The authority in her voice stops my argument completely.
This isn't the submissive girl who begged for my approval.
This is someone else entirely. Someone dangerous.
I step inside, movements careful and deliberate.
The gun follows my chest, never wavering, maintaining that perfect kill shot distance.
She backs away as I enter, maintaining control, maintaining space.
The power dynamic between us has shifted so completely it's like walking into an alternate universe where prey becomes predator.
"Turn around and lock the door."
I comply, hyperaware of the weapon at my back.
The sound of the deadbolt engaging feels like a death knell.
When I turn back, she's moved to the center of the room, gun trained on me.
The apartment looks like a war zone.
Papers are scattered everywhere, broken glass glinting on the hardwood, her coffee table overturned, a laptop destroyed against the far wall.
But underneath the chaos, there’s a method to her madness—manila folders spread in neat piles, photographs pinned to the wall like a detective's murder board, legal documents arranged specifically.
She's built a case against me.
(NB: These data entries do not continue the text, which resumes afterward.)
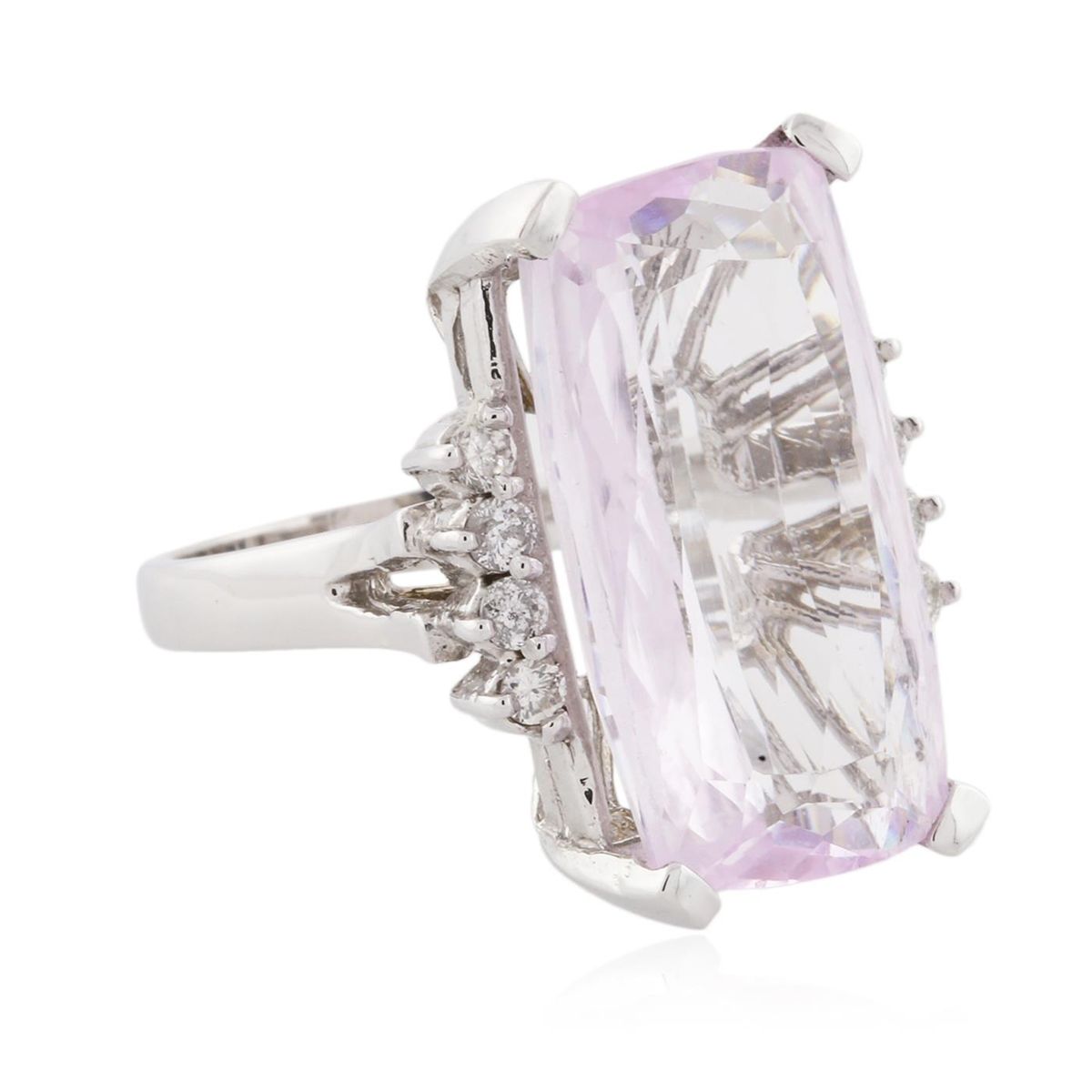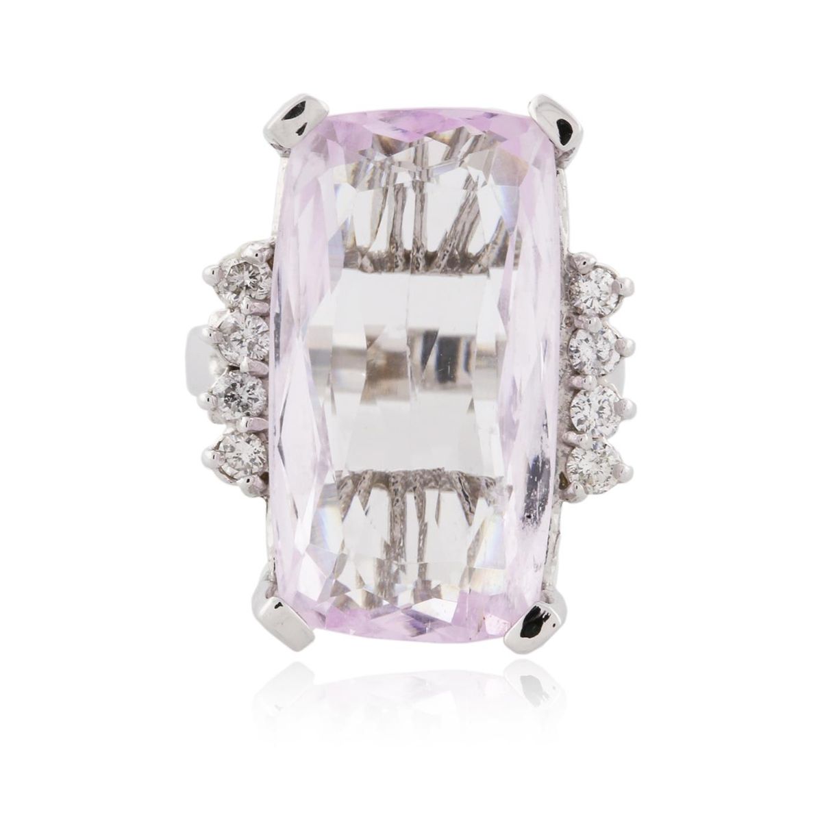 One electronically tested 14KT white gold ladies cast kunzite and diamond ring with a bright polish finish. Condition is new, good workmanship. The featured kunzite is supported by diamond accented shoulders, completed by a two and one-half millimeter wide band. Identified with markings of "14K". Containing: One prong set rectangular cushion mixed cut natural kunzite, measuring 21.20 x 11.50 x 6.35mm, 15%. bulge factor, approximate weight of 13.30ct., clarity is slightly included, type I, medium light, very slightly grayish, reddish purple color, (GIA rP 4/3), cut is good. Transmitting light with a minimum of distortion, transparent. Naturally occurring internal & external characteristics are present. Colored Stone Grading Report attached. Graded in the setting. Eight prong set round brilliant cut diamonds, measuring 2.30 - 2.20 x 1.35mm (depth est.) approximate. Total Weight of 8 Stones = 0.43ct. Graded in the setting. Clarity: SI-2 to I-1. Color: H - I. Total Weight of Colored Stones 13.30ct. Total Weight of Diamonds 0.43ct. Total Weight of Ring 9.75 grams. AIG Appraised at $6,700.00.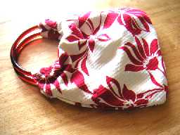 これ私が作ったバッグなんですよ。浴衣にでも服にもあうけど楽天てこういうの売る人いないんですね。ヤフーには多いけどそれでまた新しいの作ろうと思って生地を買いましたぶが厚い生地は値段が結構するんですけどね。薄いのは安物です。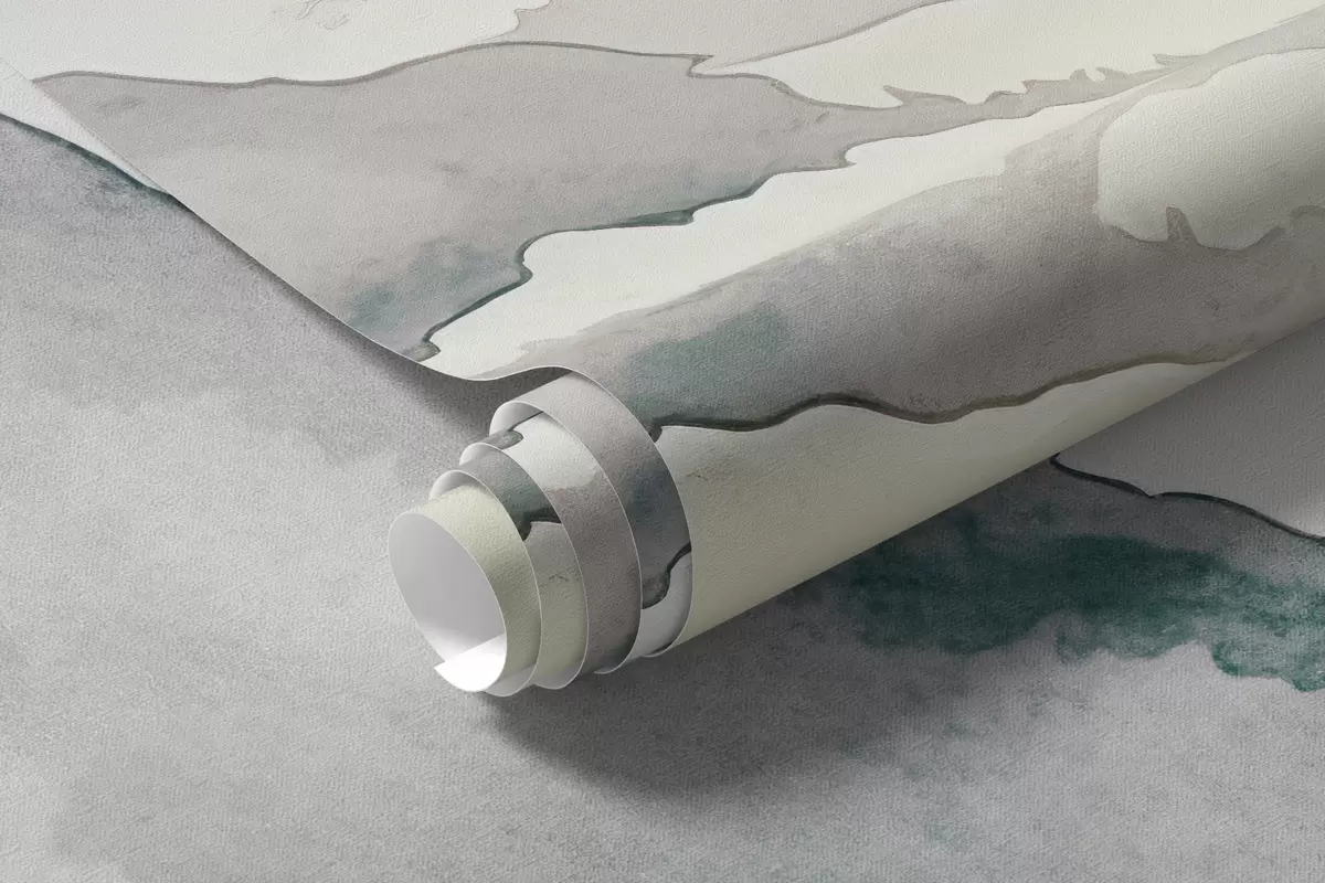 Murais de parede Cordilheiras aquarela, paisagem, paisagem, azul, cinza, cor sépia Nr. w00840v1

A fucking airtight case, by the look of it.
"Impressive," I say, taking in the scope of evidence surrounding us. "Very thorough."
"I learned from the best." Her smile is sharp enough to cut. "Sit."
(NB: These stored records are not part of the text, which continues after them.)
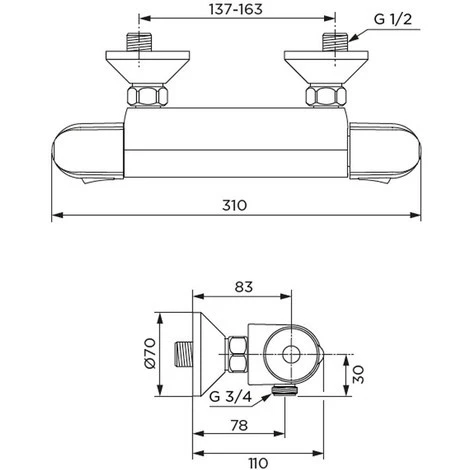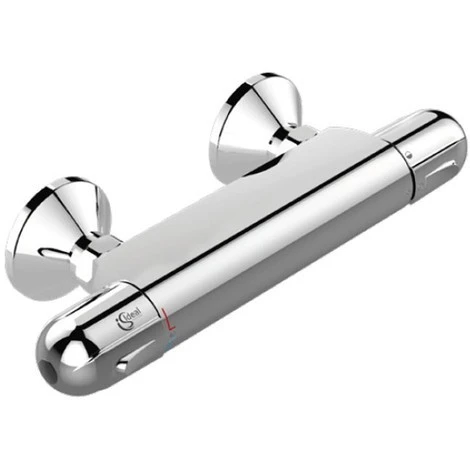 Miscelatore termostatico per esterno doccia sprovvisto di kit doccino ma completo di raccordi ad S regolabili e rosette coprimuro. È dotato del tasto Eko con comando per la riduzione della portata dell’acqua del 50 per cento, di sistema Cool Body a protezione da eventuali scottature e di tasto di sicurezza della temperatura a 40 gradi. Il materiale di realizzazione è l’ottone cromato lucido. Il rubinetto profondo 110 mm e largo 310 mm ha gli attacchi a muro con interasse variabile da 137 a 163 mm. La collezione Idrotherm si distingue per i contorni morbidi e le forme arrotondate, adattabili a qualsiasi tipologia di arredamento. I prodotti Ideal Standard rispondono ai canoni di bellezza, funzionalità e stile richiesti dal mercato odierno.Categoria : Rubinetti per doccia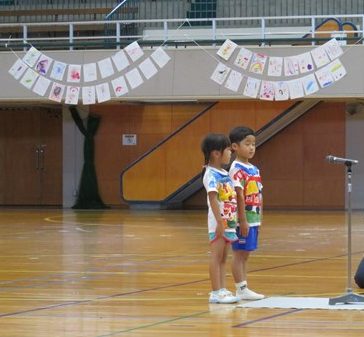 年長組のみんなが『プログラム紹介』で司会進行をしてくれました。これまでに何度も何度も練習して、本番は堂々と発表してくれましたね。子ども達は、会場のみなさんの大きな拍手がとっても嬉しかったそうです。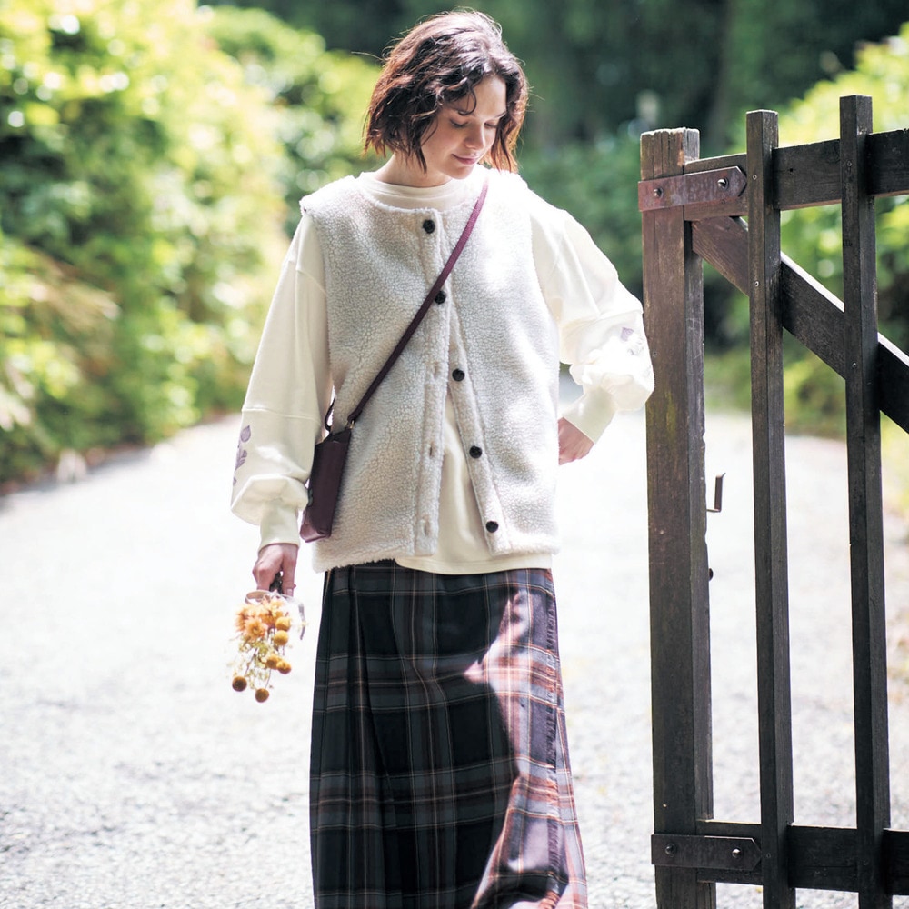・ふんわりしたバルーン袖にシックなカラーの刺繍がアクセント

She gestures to a chair in the center of the room with the gun barrel.
The chair is positioned strategically—away from exits, away from windows, away from anything I could use as a weapon or shield.
She's thought this through, planned every detail.
The girl who used to beg for my touch has orchestrated my capture.
I sit slowly, keeping my hands visible on my thighs. "You've been busy."
"Nine years of evidence doesn't organize itself." She remains standing, gun trained on the center of my body. "Though I suppose you'd know that, considering how thoroughly you cleaned up after yourself."
The accusation hangs in the air like smoke.
I scan the evidence she's assembled—crime scene photos, bank records, witness statements that should have been destroyed years ago. The photo that started it all is prominently displayed: me entering Judge Romano's house, grainy but unmistakable.
"How did you get all this?"
"Does it matter? It's all here. Every murder, every cover-up, every life you destroyed to protect your empire." She takes astep closer, gun still steady. "My father was more thorough than you gave him credit for. Hidden copies, backup files, evidence scattered across multiple locations."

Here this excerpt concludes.